The new hexagonal aluminous (NAL) phase is considered as a major component (~20 vol%) of mid-ocean ridge basalt (MORB) under the lower-mantle condition. As MORB can be transported back into the Earth’s lower mantle via subduction, a thorough knowledge of the NAL phase is essential to fully understand the fate of subducted MORB and its role in mantle dynamics and heterogeneity. In this work, iron spin crossover in the NaMg2(Al5Si)O12 NAL phase is revealed by a series of local density approximation + self-consistent Hubbard U (LDA+Usc) calculations. Only the ferric iron (Fe3+) substituting Al/Si in the octahedral site undergoes a crossover from the high-spin (HS) to the low-spin (LS) state at ~40 GPa, while iron substituting Mg in the trigonal-prismatic site remains in the HS state, regardless of its oxidation state (Fe2+ or Fe3+). The volume/elastic anomalies and the iron nuclear quadrupole splittings (QSs) determined by calculations are in great agreement with room-temperature experiments. The calculations further predict that the HS-LS transition pressure of the NAL phase barely increases with temperature due to the three nearly degenerate LS states of Fe3+ (mLS ≈ 3), suggesting that the elastic anomalies of this mineral can occur at the top lower mantle. For further details, see Phys. Rev. B 95, 020406(R) (2017) or its reprint on the Publications page.

(Mg1–xFex)CO3 ferromagnesite, an iron-bearing carbonate stable up to 100–115 GPa, is believed to be the major carbon carrier in the earth’s lower mantle and play a key role in the earth’s deep carbon cycle. Using the local density approximation + self-consistent Hubbard U (LDA+Usc) method, we study iron spin crossover in ferromagnesite with a wide range of iron concentration (12.5–100%).

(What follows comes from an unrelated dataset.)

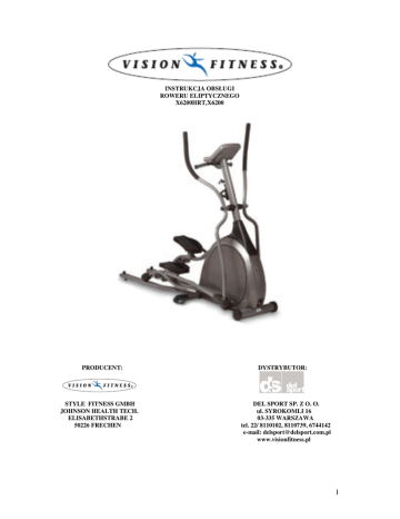 INSTRUKCJA OBSŁUGI ROWERU ELIPTYCZNEGO X6200HRT,X6200 PRODUCENT: STYLE FITNESS GMBH JOHNSON HEALTH TECH. ELISABETHSTRABE 2 50226 FRECHEN DYSTRYBUTOR: DEL SPORT SP. Z O. O. ul. SYROKOMLI 16 03-335 WARSZAWA tel. 22/ 8110102, 8110739, 6744142 e-mail: [email protected] www.visionfitness.pl 1 Instrukcja bezpieczeństwa UWAGA! Przeczytaj uważnie instrukcję obsługi. Zawiera ważne wskazówki dotyczące bezpieczeństwa, użytkowania oraz konserwacji urządzenia. UWAGA! By zmniejszyć ryzyko poparzenia, ognia, porażenia prądem lub innych obrażeń: • Korzystaj z urządzenia zgodnie z jego przeznaczeniem. • Nie wkładaj żadnych przedmiotów w otwory znajdujące się w urządzeniu. • Nie zdejmuj osłon silnika i bloków. Napraw powinien dokonywać jedynie autoryzowany serwis Vision Fitness. • Nie korzystaj z urządzenia jeśli ma uszkodzony przewód lub wtyczkę, urządzenie nie działa poprawnie. Zgłoś się do autoryzowanego przedstawiciela Vision Fitness. • Przewód elektryczny trzymaj z dala od gorących powierzchni. • Nie korzystaj z urządzenia na zewnątrz, poza budynkiem. • Zanim odłączysz urządzenie od gniazdka elektrycznego wyłącz je głównym przełącznikiem i dopiero wtedy wyciągnij wtyczkę z kontaktu. • Ustawiając urządzenie zwróć uwagę by nie przygnieść przewodu elektrycznego. • Odłącz urządzenie od gniazdka elektrycznego zanim je zaczniesz przestawiać. • Dzieciom nie wolno korzystać z urządzenia. • Uważaj na zwierzęta, nie powinny zbliżać się do urządzenia. • • Jeśli poczujesz nagły ból w klatce piersiowej, nudności, zawroty głowy, nie możesz złapać tchu przerwij natychmiast ćwiczenie i skonsultuj się z lekarzem. Do ćwiczenia zakładaj ubrania sportowe oraz takie, które nie mogą zaczepić się o urządzenie. Pij dużo podczas treningu. • Czyszczenie: urządzenie powinno być przecierane wilgotną szmatką. Nie stosuj rozpuszczalników! • 2 Przemieszczanie Maszyna eliptyczna Vision Fitness została wyposażona w kółka transportowe wbudowane w podstawę. By przesunąć urządzenie upewnij się czy jest prawidłowo złożone i zablokowane. Następnie złap za poręcze, przechyl urządzenie (przytrzymując od spodu stopą), tak jak zostało to pokazane na rysunku i przestaw urządzenie. UWAGA! Urządzenie jest ciężkie! Poproś o pomoc. Poziomowanie Jeśli urządzenie nie stoi stabilnie na podłożu to należy je wypoziomować nóżkami regulującymi, które znajdują się od spodu podstaw/prowadnic. Po ustawieniu właściwej pozycji zablokuj nóżki regulujące nakrętkami. Zasilanie Trenażer podłączany jest do zasilania zewnętrznego. Z przodu urządzenia znajduje się wtyczka. Składanie/Rozkładanie Przy składaniu urządzenia ważna jest kolejność wykonywania poszczególnych czynności! 1) Ustaw urządzenie tak, by strzałka znajdująca się na osłonie bocznej trenażera wskazywała godzinę 4. Następnie przekręć dysk, tak by strzałka ustawiona była w kierunku miejsca, w którym łączy się ramię pedału z dyskiem. 3 2) Równocześnie unieś ramię pedału wraz z podstawą (A). Następnie pchnij podstawę tak by zaczepiła się o ramię pedału (B). Upewnij się czy oba elementy się połączyły. Powtórz czynność z drugiej strony urządzenia. 3) By rozłożyć urządzenie naciśnij przycisk znajdujący się od spodu podstawy (C). Następnie opuść jednocześnie ramię pedała wraz z podstawą. Powtórz czynność z drugiej strony urządzenia. Zabezpieczenia Urządzenie zostało wyposażone w dodatkowe zabezpieczenie na podstawy/prowadnice, chroniące dzieci przed zranieniem. Uwaga! Urządzenia nie można złożyć jeśli zostaną założone zabezpieczenia. 4 Pomiar pulsu Czujniki pomiaru pulsu znajdują się na uchwytach. By zmierzyć puls ułóż dłonie na czujnikach w trakcie treningu. Na wyświetlaczu pojawi się wynik pomiaru (choć sygnał pojawi się od razu, to jednak kilka sekund potrwa zanim wyświetlacz zsynchronizuje się z twoim aktualnym rytmem pracy serca). X6200 HRT Wyświetlacz A. START/RESET Po naciśnięciu przycisku START urządzenie zacznie działać w trybie MANUAL bez wprowadzania osobistych ustawień. Po rozpoczęciu programu istnieje możliwość regulacji oporu pedałowania przyciskami oznaczonymi ▲▼. Wyświetlane informacje kalkulowane będą na podstawie standardowych ustawień. PAUZA: By na chwilę zatrzymać program w trakcie realizacji naciśnij przycisk START. Program zostanie wstrzymany na 2 minuty. Po ponownym naciśnięciu przycisku START będzie można kontynuować program. 5 RESET: Jeśli chcesz wykasować informacje znajdujące się na wyświetlaczu podczas treningu naciśnij przycisk START i przytrzymaj, aż do chwili, gdy na wyświetlaczu znikną dane. B. ENTER/ SCAN Przycisk zatwierdzający wybór określonej funkcji: wiek, waga, poziom itd. SCAN: W trakcie realizacji programu naciśnięcie przycisku ENTER pozwoli Ci na przejrzenie informacji na wyświetlaczu. Jeśli przytrzymasz przycisk ENTER przez 3 sekundy podczas treningu funkcja SCAN automatycznie zmieni wyświetlane informacje. C. ▲▼ Przyciski służące do zmiany wartości funkcji przed rozpoczęciem treningu. W trakcie treningu służą do regulacji poziomu funkcji, profili. W programach HRT służą do zmiany tzw.target heart rate. D. PROGRAMY Przyciski szybkiego wyboru ulubionego programu. Program można zmienić w dowolnym momencie realizacji innego programu, wystarczy nacisnąć przycisk nowo obranego programu. E. PROFILE PROGRAMÓW W okienku pojawia się profil programu. Segment profilu, który w danym momencie realizujemy, zrealizowaliśmy oraz poziom oporu w danym segmencie. F. WYŚWIETLANE INFORMACJE W okienku wyświetlają się krok po kroku wszystkie informacje dotyczące treningu: instrukcje, hasła motywacyjne, gratulacje. Czas (TIME): Czas, który pozostał do końca treningu lub czas, który upłynął od rozpoczęcia treningu. Prędkość (SPEED: Prędkość peda

Our calculation shows that this mineral undergoes a crossover from the high-spin (HS) (S = 2) to the low-spin (LS) (S = 0) state at around 45–50 GPa, regardless of the iron concentration (x). The intermediate-spin (S = 1) state is energetically unfavorable and not involved in spin crossover. The anomalous changes of volume, density, and bulk modulus accompanying the spin crossover obtained in our calculation are in great agreement with experiments. For further details, see Phys. Rev. B 94, 060404(R) (2016) or its reprint on the Publications page.